### Dataset extract
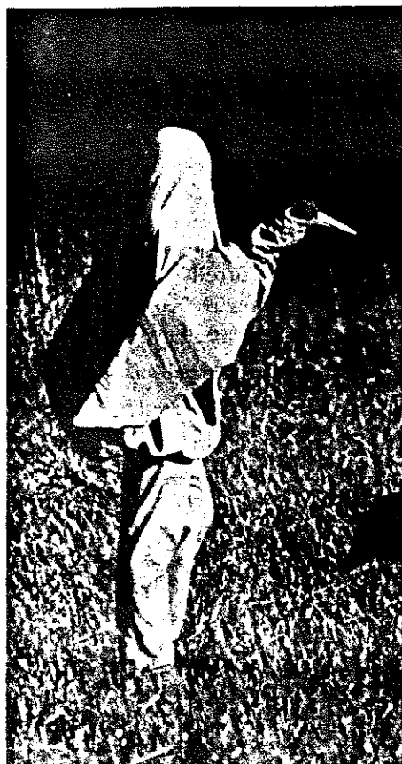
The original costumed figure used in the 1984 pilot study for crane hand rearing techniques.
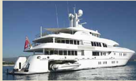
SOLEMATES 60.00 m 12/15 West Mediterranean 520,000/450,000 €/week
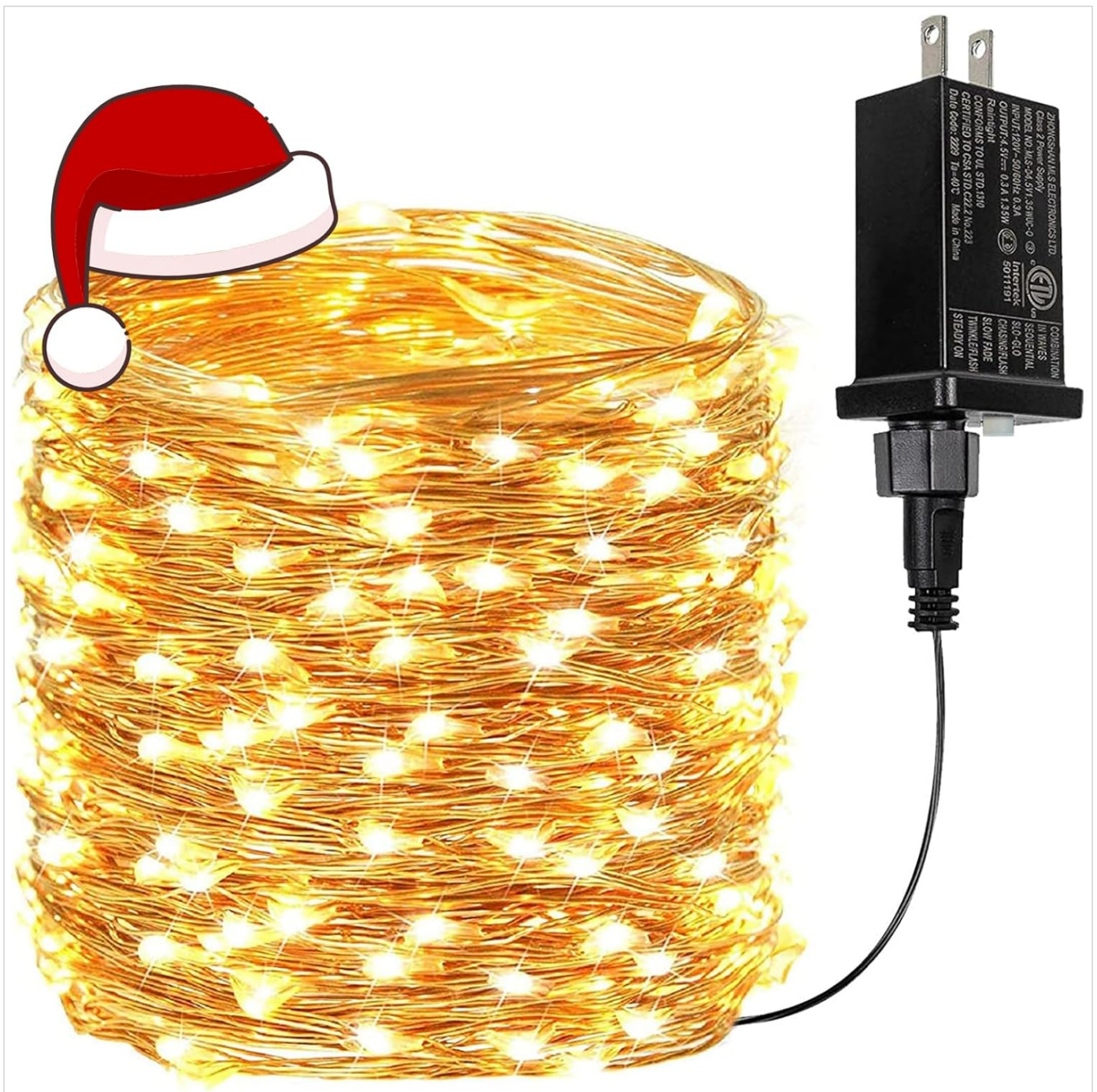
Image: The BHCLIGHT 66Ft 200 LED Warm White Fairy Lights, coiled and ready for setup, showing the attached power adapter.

### What is expected
Output the material above exactly as written and drop any images it holds.

### Result below
The original costumed figure used in the 1984 pilot study for crane hand rearing techniques.
SOLEMATES 60.00 m 12/15 West Mediterranean 520,000/450,000 €/week
Image: The BHCLIGHT 66Ft 200 LED Warm White Fairy Lights, coiled and ready for setup, showing the attached power adapter.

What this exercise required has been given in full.